The number of threads used for scanning will be the minimum of innodb_parallel_read_threads and total number of sub-trees to scan.

The key range scan is a non-locking scan.

The pages read in during the scan are kept at tail end of the LRU list so that they can be discarded quickly when there is pressure on the buffer pool for free pages. The idea is avoid flooding the buffer pool during the scan.

The latching protocol for Key_reader is:

1. Lock the dict_index_t::lock in SX mode. 2. Create the key range cursors for all the sub trees. 3. Release the dict_index_t::lock.

The subtrees to scan in parallel are selected using the following algorithm:

1. Read the left most nodes at each level starting from the root node.

2. Search a level where the number of sub-trees is greater than the number of threads specified.

3. There are two variants after this.

  a.

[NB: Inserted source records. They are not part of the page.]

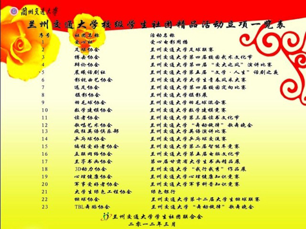 本次社团文化艺术节由校团委主办,校学生社团联合会承办,各学生社团协办。活动以 “交大之风”演讲比赛、甘肃省大学生书画精品展、智能车竞赛等23个校级精品社团活动为主要载体,为广大同学提高人文修养、拓宽知识视野、提升创新能力等方面提供广阔的平台。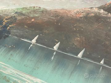 Quadri con paesaggio lacustre d'epoca olio su tela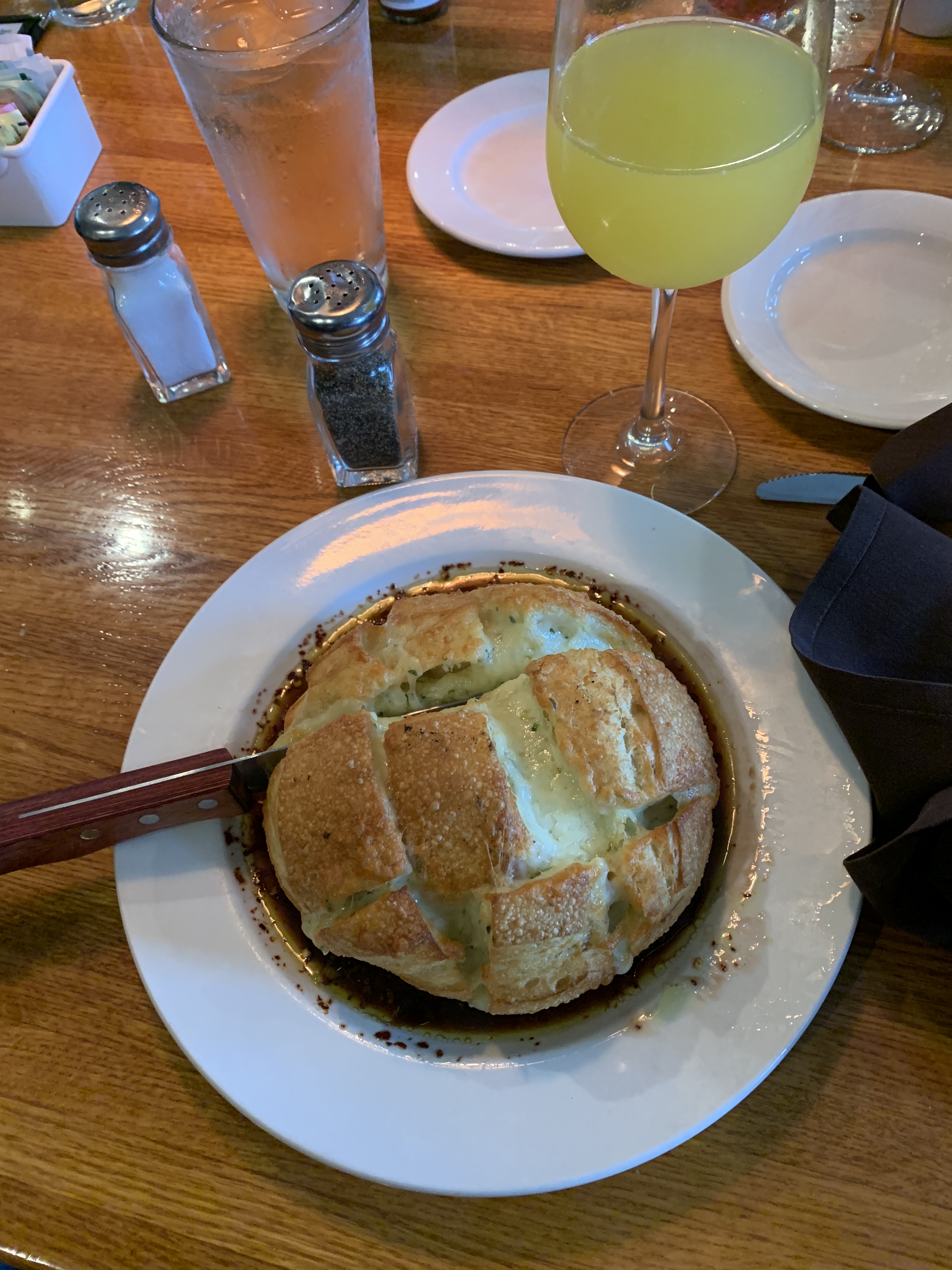 Now, to the right, you will see this beautifully sliced sourdough loaf with melted cheese perfectly in-between each square that sat in a rich balsamic vinegar 🤤. After viewing pictures of this item via google images—trying to get an idea of what these menu items look like—I decided that I have to try this.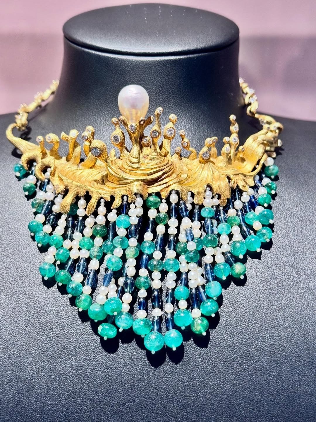 Το έργο φέρει τον τίτλο Swirling Sea Necklace (Κολιέ Στροβιλιζόμενη Θάλασσα) καθώς ο χρυσός 18 καρατίων σκαλίστηκε σε ένα κυματιστό κυκλικό δαχτυλίδι με ένθετα διαμάντια και ένα μεγάλο μαργαριτάρι. Περιλαμβάνει επίσης ζαφείρι και σμαραγδένιες χάντρες. Μαζί, οι πέτρες θυμίζουν κύματα που ανεβαίνουν και σπάνε σε μια χρυσή ακτή. Tο κολιέ ζυγίζει 156 γραμμάρια.

Physical scan of leaf pages based on page number partitioning. Implemented 

in the Phy_reader class.

  b. Logical scan of leaf pages based on key range partitioning using the 

persistent cursor (Btr_pcur). Implemented in the Key_reader class.

4. Each thread than follows the left most pointer down to the leaf node and starts to scan the records in the leaf pages.

5. The scan will skip delete marked rows for both Phy_reader and Key_reader.

6. The Key reader will use the read view assigned to the transaction if there is one set. It will build the previous version that is visible to the transaction if required.

7. Pass the row to a user specified callback which will return DB_SUCCESS or an error code.

8. The reader class will stop processing if the callback returns anything other than DB_SUCCESS.